アメリカ・メイン州から武漢の華南海鮮市場に届いた冷凍ロブスターにいたウイルスが新型コロナだというものです。

当時、確かにありました。「海外からの冷凍食品に付着したウイルスのせいだ」という主張。

これらは、中国が責任逃れのために広めた説だとして、相手にされませんでした。

しかし、新たな分析では、この匿名の投稿がコロナ禍起源の謎を解くカギになり、また中国がこれに関する情報を隠しているという根拠になりうるとまとめています。

フランスの生物学者

ここで1人のフランス国立研究機関の進化生物学者G(女性)が登場します。

Gは、今までのある情報を積み上げた結果、科学的に見て、「コロナは自然発生だ」と強く信じていました。

匿名の「冷凍ロブスター説」投稿を見て最初は「とても手の込んだ誤情報だわ」と言いました。

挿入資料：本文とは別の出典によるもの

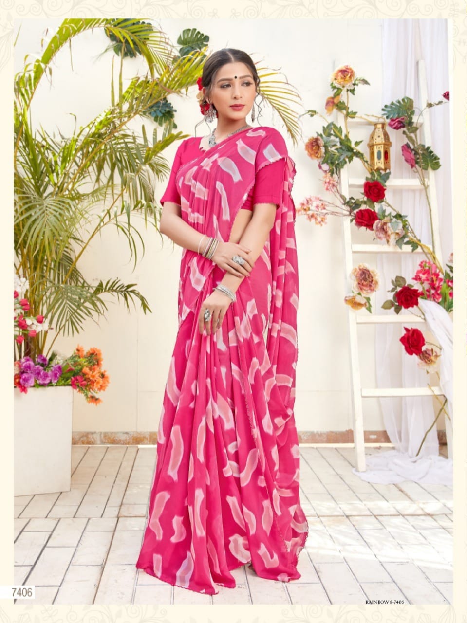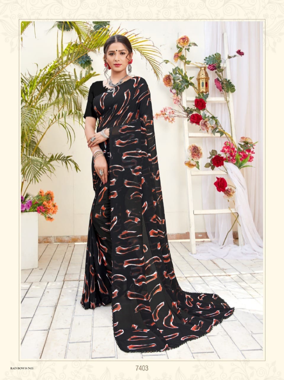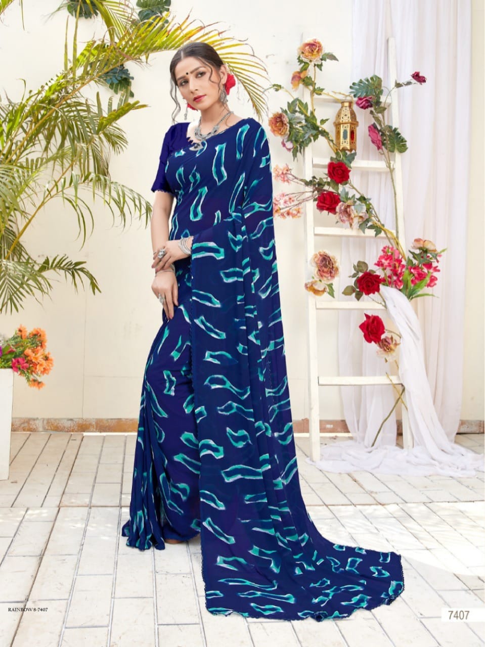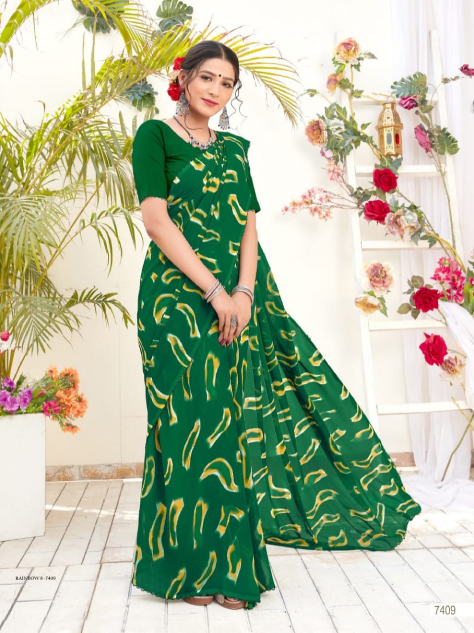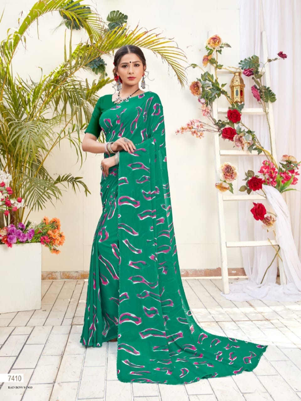 Shri Mataaram Presents Rainbow Vol-8 7401 - 7412 Series Beautiful Georgette With Arc Border Fancy Casual Wear Saree Collection

しかし、その投稿を今改めて深く読み込んでいくと、彼女は腰を抜かしました。

なんと、その投稿には、華南海鮮市場内の店の正確な地図が示されており、その中で、コロナに感染している野生動物の置いてある場所まで特定してあったのです。

また、もう一つ、その市場の売り手の「コロナに対する抗体(つまり店員は感染していた)」を持っているというデータまで載せていたのです。今まで中国はこの情報を一切公表していません。

後に、華南海鮮市場の内部の地図は細部に渡って『正確』だと確認されたことから、彼女はこの匿名投稿の信憑性が高まったと言います。

つまり、匿名の投稿は、内部の”事情を知る者”がしたと考えられます。

崑崙の剣

匿名投稿の主は【崑崙(こんろん)の剣】という名前を使っています。

崑崙山は中国の伝説上の山で、道教と関連があります。崑崙の剣は、2019年夏からアメリカで起きた、電子タバコ関連肺障害(EVALI) の中に、実はコロナ肺炎が紛れていたと主張しています。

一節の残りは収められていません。